-- Dataset excerpt follows --

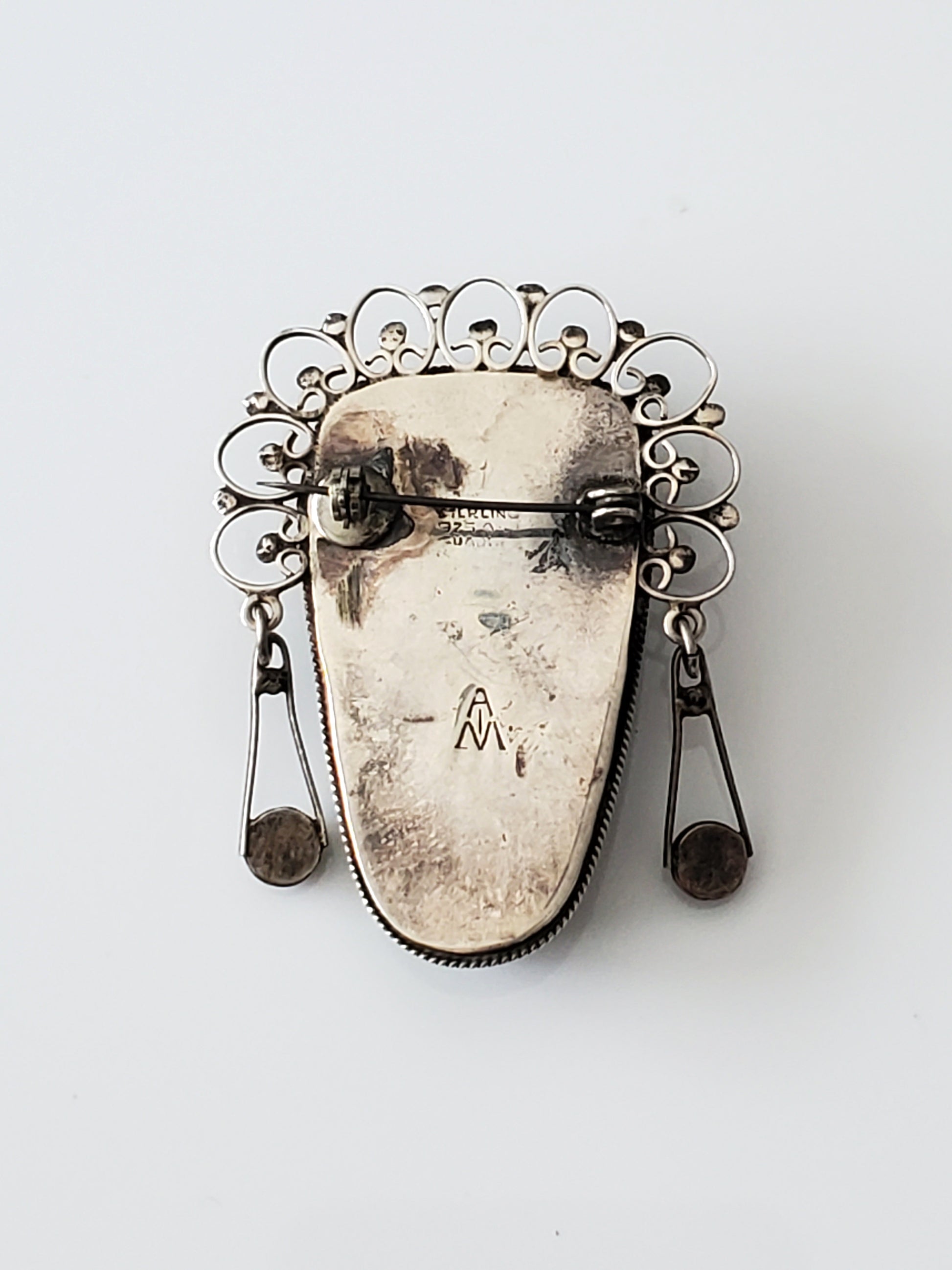 Vintage Sterling Silver Carved Chrysoprase Aztec Mayan Warrior Pin Brooch
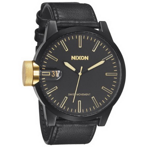 -. Title : Nixon Chronicle Watch One Size Matte Black Gold
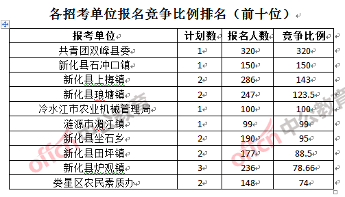 競爭熱門招考單位,前三位依次是:共青團雙峰縣委(競爭比例320:1)、新化縣石沖口鎮(zhèn)(競爭比例150:1)和新化縣上梅鎮(zhèn)(競爭比例143:1)。
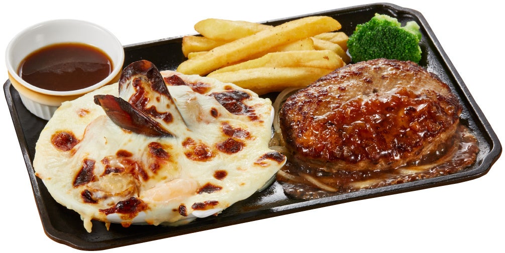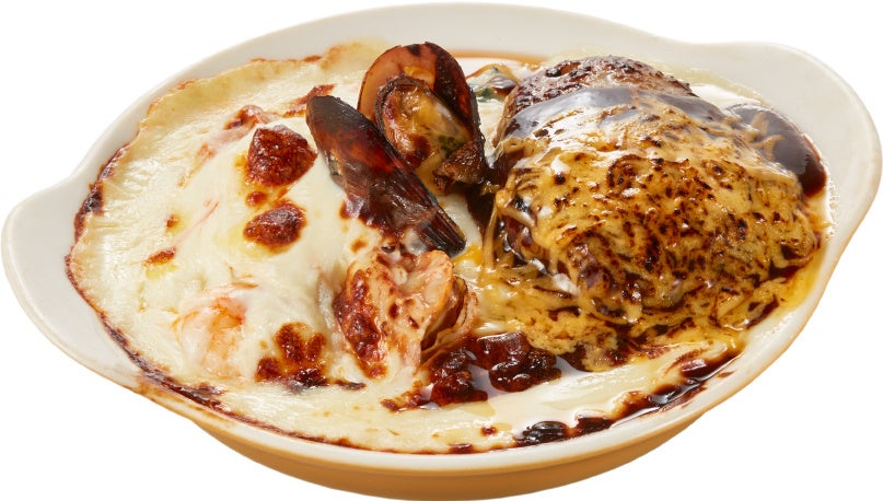 さらに、魚介たっぷりのドリアに“手ごね合挽きハンバーグ”をのせた「冬の熱々シーフードドリア~直火焼きチーズハンバーグをのせて~」も登場します。レッドチェダーチーズをかけバーナーで豪快に炙ったドリアは、ハンバーグの溢れる肉汁とまろやかなベシャメルソース、濃厚なチーズが相性抜群の一品です。

-- Dataset excerpt concluded --

Work to complete: The whole listing, minus its images, should be repeated exactly.

Output for this task:
 Vintage Sterling Silver Carved Chrysoprase Aztec Mayan Warrior Pin Brooch
 -. Title : Nixon Chronicle Watch One Size Matte Black Gold
 競爭熱門招考單位,前三位依次是:共青團雙峰縣委(競爭比例320:1)、新化縣石沖口鎮(zhèn)(競爭比例150:1)和新化縣上梅鎮(zhèn)(競爭比例143:1)。
 さらに、魚介たっぷりのドリアに“手ごね合挽きハンバーグ”をのせた「冬の熱々シーフードドリア~直火焼きチーズハンバーグをのせて~」も登場します。レッドチェダーチーズをかけバーナーで豪快に炙ったドリアは、ハンバーグの溢れる肉汁とまろやかなベシャメルソース、濃厚なチーズが相性抜群の一品です。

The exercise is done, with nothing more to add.